My room overlooks the church and my bed allows me to see the stained glass windows. Last night the church was lit up like Vegas as we were having out forty hours of devotion; Our Lord is exposed on our altar all day and all night until Tuesday at 7PM when we have our closing ceremonies. During this time the light in the church back lights the windows exposing the pictures of saints that normally remain dark and hidden at night. So I look out and see Saint Augustine, Saint Maria Goretti, and a number of their friends on this side of the church.
Once in a while Fr. Pfeiffer or I would wander over to the church to see how things were going during exposition and to pray for a little while. I tried to go during the transition times from one hour to the next allowing those who needed to leave to go but being there until the persons who showed up for the next hour to come. It turned out to be completely unnecessary.
I do enjoy sneaking over to the church at night when it is still and dark; Just a couple of “ghost lights” on and a glow from the candles. But last night I went over to the lit church just before 11PM to do my Night Prayer and Office of Readings. There were a number of people praying or coming and going. Everything was quiet except the roar of the air handlers. We had put one of my chiming clocks in the church to help people keep track of time but the clock that makes a ruckus in the house is almost not heard in the vast cavern of a church.
All is still save for the candles burn away as they stand in honor of the presence of our Lord. After my prayers I rest one elbow on the pew back and rest my chin and try just talking and listening to God. Occasionally my mind wanders and I shake myself back to paying attention to Him. This is not just a problem between me and Jesus, I experience it with just about anybody. My mind wanders and I think, “Hey! Pay attention to this person in front of you!” So, gently I come back – although much of the time the things that I am trying not to think about because I am supposed to be about the business of praying ARE the very things I should be praying about.

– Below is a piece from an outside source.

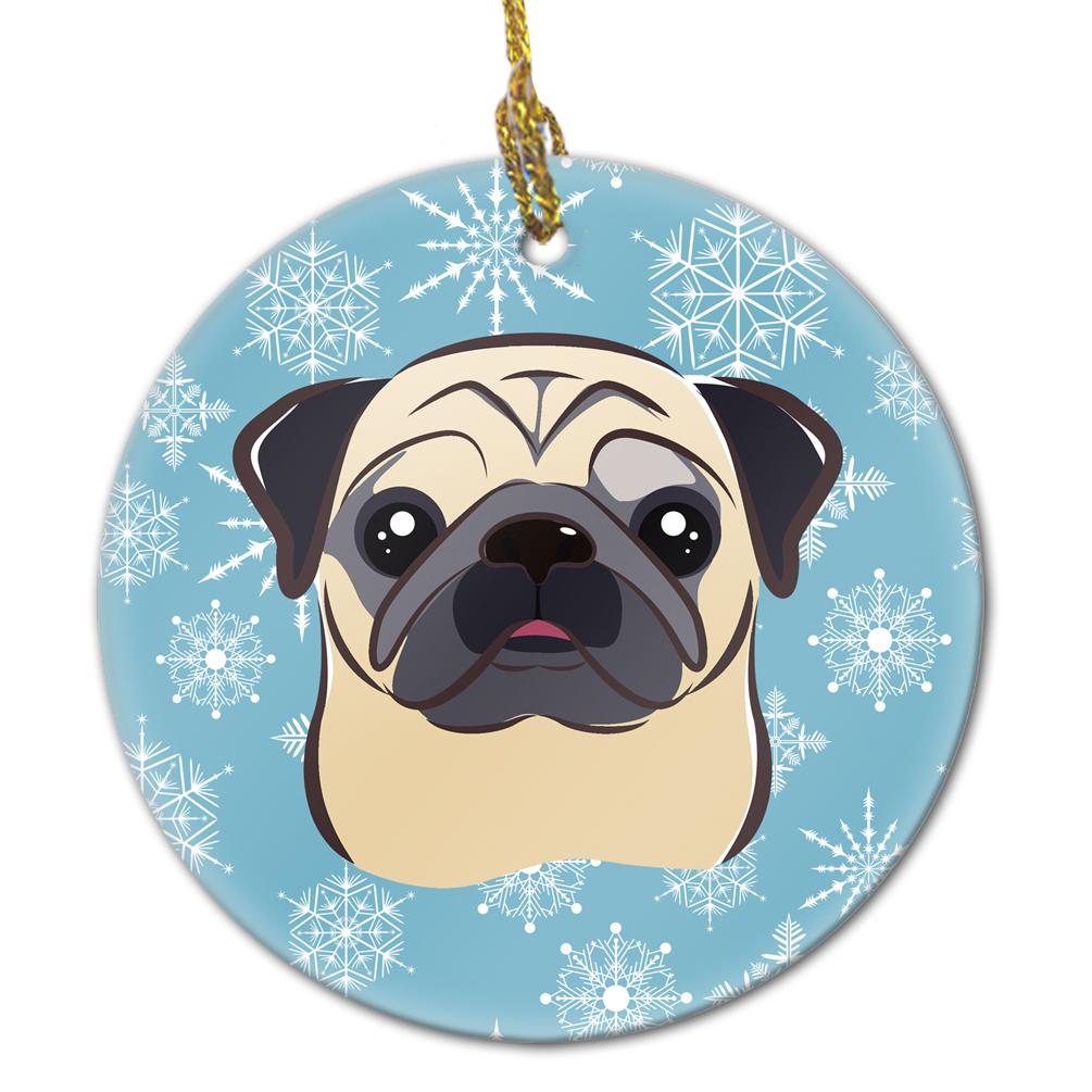 Decorate your space with our Christmas Pug artwork on a Ornament. Add a touch of personalized charm to your Christmas tree this holiday season with our Ceramic Ornament. Measuring 2.8125 inches in diameter, this round porcelain ornament beautifully reflects your festive lights, enhancing your holiday decor. The gloss surface sets off the vibrant, full-color artwork contributed by one of our talented artists, bringing a pop of color and joy to your tree. This Ceramic Ornament doesn't stop at being merely decorative. The white back is designed for personalization. Write a heartfelt message, mark a special year, or inscribe a date with a paint pen or a permanent marker to create a treasured memento. Please ensure you allow any personalization to dry thoroughly before handling to maintain the pristine finish. Included with the ornament is a delicate gold cord for easy hanging. Made in the USA, this Ceramic Ornament makes an exceptional gift for a pet sitter, teacher, family member, or anyone you wish to share a little Christmas magic with. With its blend of style, charm, and personal touch, it's a meaningful addition to any Christmas tree.

During my homily promoting our Eucharistic Devotions I used the phrase in reference to the Blessed Sacrament as Jesus; Body and Blood, Soul and Divinity. An older gentleman (as he put it) lodged a complaint about this. “Jesus said, ‘this is my body,’ why do we have to add anything?” My homily had been in part about how some people do not know what the Eucharist truly is anymore. I explained that this understanding is at the heart of the Church, the heart of Vatican II, the basis of our belief and many Catholics have lost this understanding and we must reclaim it so I constantly reiterate it. “It just sounds too EWTN,” he replied.
So, my mind wanders to him last night. I shake my head and try to come back to where I was supposed to be in my schedule of prayerful things I had to talk about. Then it caught me that this is what I should be praying about. And here is the glory of celebrating 40 hours, coming back to our roots, our reason for being in common union, the source and summit of our lives, the basis for being Catholic, the heart of our community and the center of our covenant – what better thing to pray about than that we as a community come to understand this better, grow in unity, and strive for sainthood through the Jesus present to us in His Eucharistic form.